OUR HISTORY

The Institute of the Deaf of Turin is an institution created at the beginning of the 19th century by the Savoy to care for and teach deaf children and to train their teachers. The first director was the priest Francesco Bracco, who also adopted the experience of Giovanni Battista Scagliotti. The Institute immediately had the dual mission of educating deaf children and training their teachers.

The original seat of the Institute was in Turin, in via Assarotti, in the building erected thanks to the bequest of Countess Ottavia Borghese Masino di Mombello, where Paolo Basso also taught, who, deaf, became vice-director of the Institute in the mid-19th century. In 1965 the building was sold to the City of Turin and the proceeds were used to build the new and larger headquarters in Pianezza, which is still in operation.
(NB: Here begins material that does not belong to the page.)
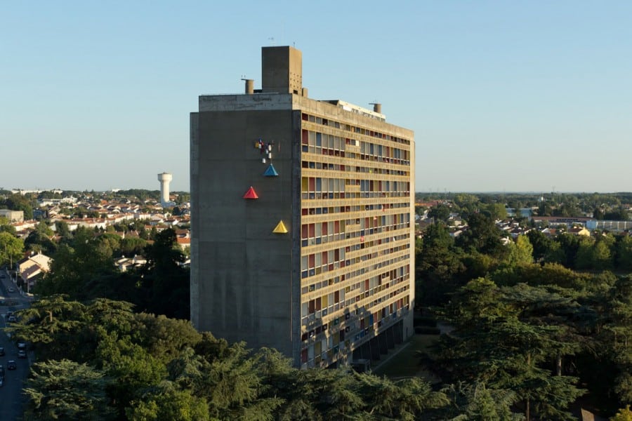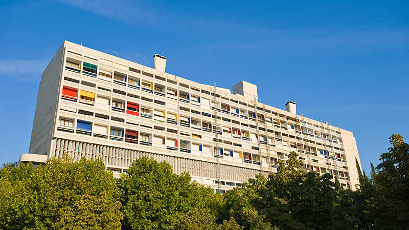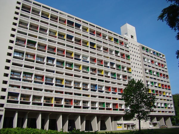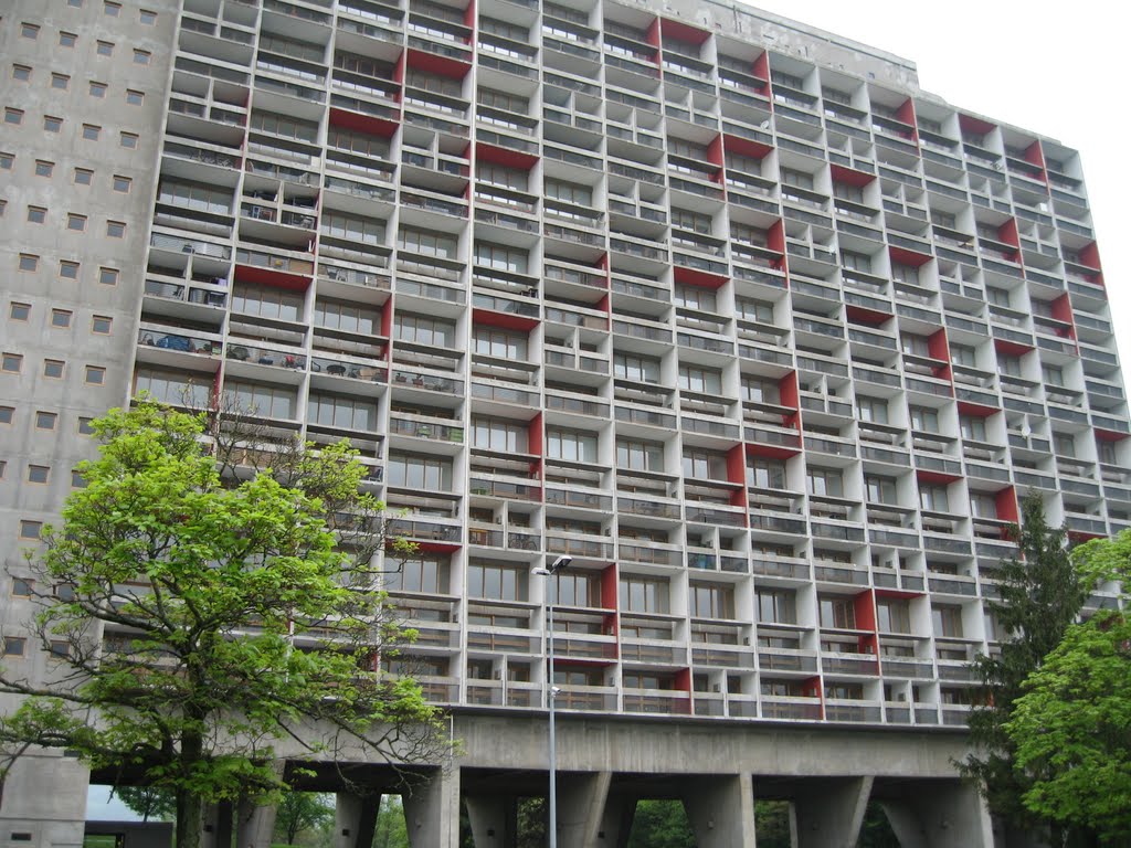 Après la Libération, la vague de l’épuration l’épargne. Mieux, même : ses conceptions architecturales – bâtiments en béton de très grande hauteur, lignes horizontales parfaitement rectilignes…- vont être mises en œuvre dans les années 50 et suivantes avec l’appui politique et administratif des responsables de la reconstruction et de l’aménagement du territoire. Se dresseront ainsi les grands ensembles péri-urbains de l’après-guerre, « d’une uniformité désolante » (Xavier de Jarcy). Ainsi que les fameuses « Cités Radieuses » à Marseille, Rezé, Briey, Firminy et Berlin, qui fixent les populations, brisent le nomadisme urbain, qu’il a toujours détesté, et font du bâtiment un village vertical, avec son aire de jeu sur le toit, son école, ses rues intérieures, ses commerces, ses équipements sportifs, le tout créant

At the end of the seventies, the evolution of legislation in the school sector and the change in pedagogical orientations led to a deep crisis in the special institutions, many of which were closed in the following decade. The management of the Institute therefore decided to adapt its educational offer: The boarding school was closed and the special schools were opened to hearing children in the region; at the same time, an innovative pedagogical service to support communication and autonomy for deaf students was set up in public schools in most of the Piedmont region, and extended to Lombardy from 2017.

The Institute of the Deaf of Turin is a non-profit foundation, governed by a Board of Trustees that is fully autonomous in the choice of the direction of activities, within the framework of social solidarity provided for in the current Statutes.